La historia y cultura de Turkmenistán son ricas y multifacéticas, lo que demuestra que este país ha ocupado un lugar importante en el mapa cultural de Asia Central desde tiempos antiguos. Históricamente, el territorio de Turkmenistán fue un punto de encuentro de diversas culturas e imperios. Se han descubierto hallazgos arqueológicos de civilizaciones antiguas. Especialmente, miles de años antes de nuestra era, en estas tierras existían las primeras comunidades humanas y rutas comerciales. Turkmenistán estuvo bajo la influencia de grandes imperios como Irán, Macedonia, los selyúcidas, los mongoles, entre otros. La histórica Ruta de la Seda atravesaba esta región, convirtiéndola en un centro de relaciones económicas y culturales desde tiempos antiguos.
El pueblo turcomano es de origen túrquico y su formación se extiende a lo largo de milenios. En la Edad Media, comenzaron a establecer sus propios estados soberanos en las regiones que habitaban y desarrollaron su identidad y cultura nacional. En particular, durante los siglos XII al XIV, bajo los selyúcidas y luego el Imperio Mongol, la vida política y cultural de las tribus turcomanas se activó notablemente.

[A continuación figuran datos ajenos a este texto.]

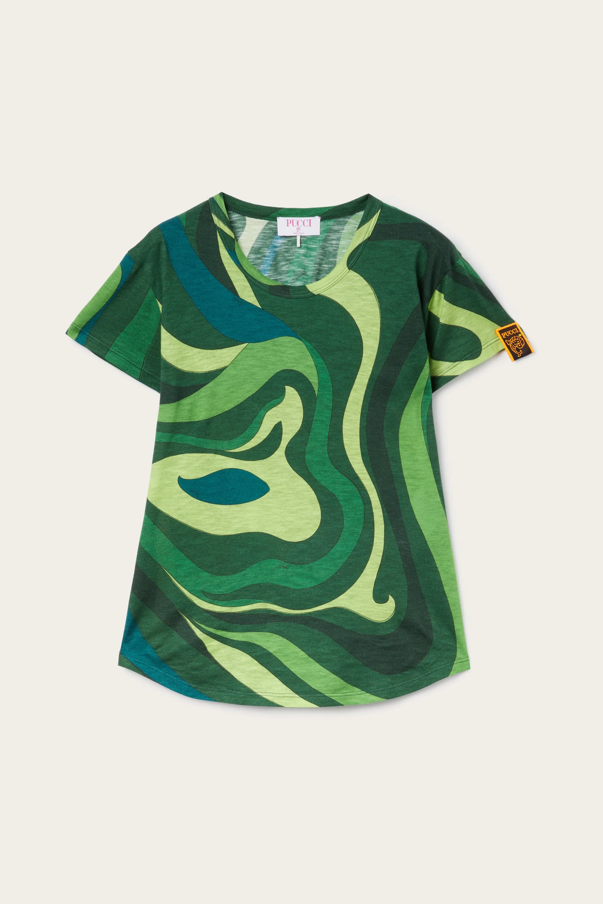 The modern interpretation of an essential garment. This Green Marmo print short-sleeved T-shirt combines simplicity and character, thanks to its regular fit and cut that falls gently below the waist. The clean lines and iconic print make it perfect for adding a distinctive touch to your wardrobe.Pair with the coordinating shorts for a sophisticated summer look or wear with denim for a casual, sophisticated outfit. - Green - Short sleeves - Regular fit and shoulders - Length just below the waist - Slub jersey - Allover print - ID: 5HTP355H981066
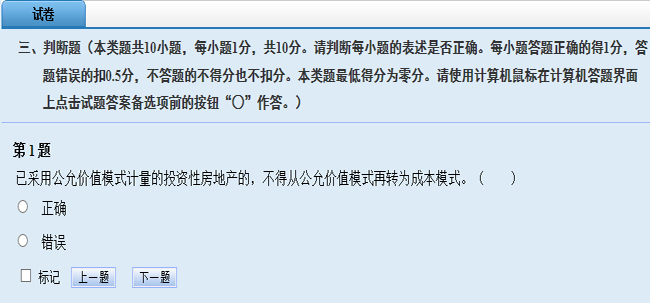 (1)本類題共X小題,每小題X分,共X分。請判斷每小題的表述是否正確。每小題答題正確的得X分,答題錯誤的扣X分,不答題的不得分也不扣分。本類題最低得分為零分。請使用計算機鼠標在計算機答題界面上點擊試題答案備選項前的按鈕“○”作答。

En términos culturales, Turkmenistán destaca por su rico folclore, artesanía popular y música tradicional. Las alfombras turcomanas son mundialmente reconocidas por su alta calidad artística y motivos simbólicos. También están muy desarrolladas las tradiciones de orfebrería, platería y tejido.
La música y las danzas turcomanas reflejan el mundo espiritual, la historia y la vida cotidiana del pueblo. El arte de los bardos y las danzas nacionales tienen un significado especial. Las creencias religiosas están principalmente basadas en el sunnismo islámico, aunque algunas antiguas creencias animistas y relacionadas con la naturaleza aún se conservan.
En la literatura, la poesía popular oral y los cuentos épicos juegan un papel importante. Los relatos heroicos y leyendas turcomanas se transmiten de generación en generación, contribuyendo a la formación de la conciencia nacional.
En arquitectura, sitios como Turjankala, Nisa y otras antiguas ciudades y fortalezas son monumentos importantes que mantienen viva la historia de Turkmenistán, aumentando su valor simbólico e histórico.
En la actualidad, Turkmenistán, además de preservar sus tradiciones nacionales, está abierto al mundo y participa activamente en diversas relaciones culturales internacionales. La historia y cultura de Turkmenistán se promueven y desarrollan cada vez más tras la independencia del país.
Así, la historia y cultura de Turkmenistán reflejan su rico y colorido patrimonio, la identidad cultural antigua de su pueblo y constituyen una parte importante del patrimonio espiritual y cultural de la región.